FIG. 1 illustrates an example of a system in which a UE receives signals from a serving cell and an interfering cell;

FIG. 2 illustrates an example of interference signals transmitted from an interfering cell;

FIG. 3 illustrates an example of a pattern for two CSI-RS ports in an LTE system;

FIG. 4 illustrates an example of a pattern for four CSI-RS ports in an LTE system;

FIG. 5 illustrates an example of a pattern for two CSI-RS ports in an LTE system;

FIG. 6 illustrates an example of a pattern for four CSI-RS ports in an LTE system;

FIG. 7 illustrates an example of operations of an eNB and a UE in a wireless communication system using CSI-RSs of a pattern according to the present disclosure;

FIG. 8 illustrates an example of a pattern for four CSI-IM ports in an LTE system according to present disclosure;

FIG. 9 illustrates an example of operations of an eNB and a UE in a wireless communication system using CSI-RSs of a pattern according to the present disclosure and interference signal transmission scheme reference signals;

FIG. 10 illustrates an example of a pattern for four TM-IM ports in an LTE system according to present disclosure;

FIG. 11 illustrates an example of operations of an eNB and a UE in a wireless communication system using CSI-RSs of a pattern according to the present disclosure and channel state information-interference signal transmission scheme reference signals;

FIG. 12 illustrates an example of a pattern for four CSI-TM-IM ports in an LTE system according to present disclosure;

FIG. 13 illustrates an example of a method in which an eNB transmits information for identifying a reference signal and CSI process information to a UE according to the present disclosure;

FIG. 14 is a block diagram of an eNB apparatus according to the present disclosure; and

FIG. 15 is a block diagram of a UE apparatus according to the present disclosure.
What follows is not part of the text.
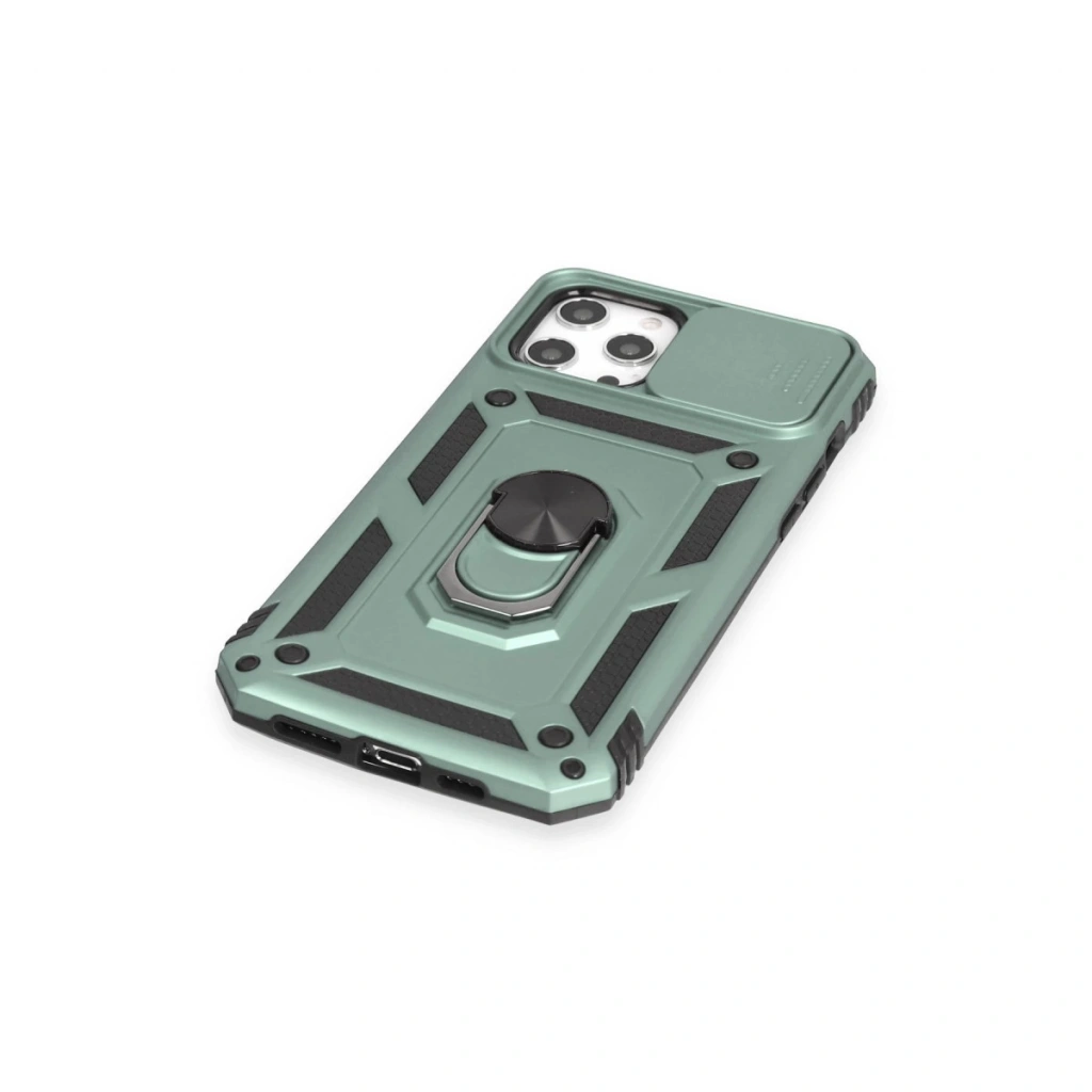 • İphone 12 Pro Max Kılıf Pars Lens Yüzüklü Silikon - Yeşil

DETAILED DESCRIPTION OF THE PRESENT DISCLOSURE

Hereinafter, embodiments of the present disclosure will be described in detail with reference to the accompanying drawings. In the following description of the present disclosure, detailed descriptions of known configurations or functions incorporated herein will be omitted when not necessary for one of ordinary skill in the art and/or where such a detailed description may make the subject matter of the present disclosure unclear. Terms described herein are used and/or defined in consideration of the functions of the present disclosure, but the terminology, as well as the specific implementations thereof, may vary according to the intention or convention of a user or operator. Therefore, the definitions of the terms should be determined based on the contents throughout the specification and the knowledge of one of ordinary skill in the art, and not be interpreted so as to limit the overall disclosure or the scope of the claims appended hereto in any way.
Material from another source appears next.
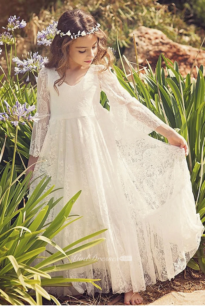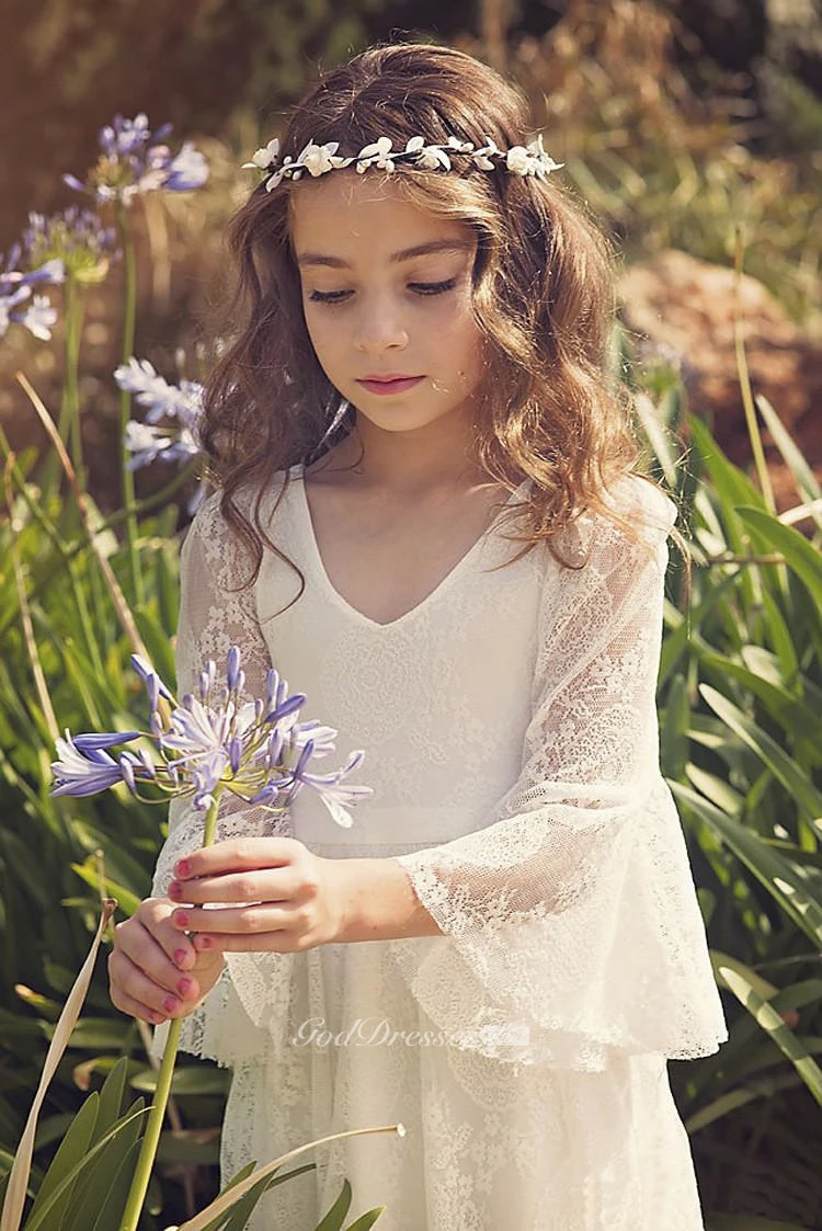 Lace Bohemian Simple Flower Girl Dress With Bell Sleeves

In the detailed description of the present disclosure, examples of interpretable meanings of some terms used in the present disclosure are provided; however, those terms are not limited to the examples of the construable meanings which are provided below.

A base station is a main body communicating with a User Equipment (UE), and may be referred to as a BS, a Node B (NB), an eNode B (eNB), an Access Point (AP) or the like.

The user equipment is a subject communicating with the BS, and may be referred to as a UE, a Mobile Station (MS), a Mobile Equipment (ME), a device, a terminal and the like.

In the present disclosure, not only reference signals used in an LTE system such as CSI-RS, CRS, CSI-IM, and the Demodulation-Reference Signal (DM-RS), but also newly defined reference signals such as a “Transmission Mode-Interference Measurement” (TM-IM) and a “Channel State Information-Transmission Mode-Interference Measurement” (CSI-TM-IM) signal will be described.

A Cell-specific Reference Signal (CRS) refers to a reference signal transmitted from an eNB and is used by the UE for estimating a channel (H) for data reception. The CRS has a cell specific characteristic and is transmitted in all downlink subframes and all frequency resource blocks.

A Channel State Information-Reference Signal (CSI-RS) refers to a reference signal transmitted from the eNB and is used by the UE for measuring Channel State Information (CSI) of a serving cell. The CSI-RS is not transmitted in all downlink subframes and is sparsely transmitted to generate relatively smaller overhead in comparison with the CRS.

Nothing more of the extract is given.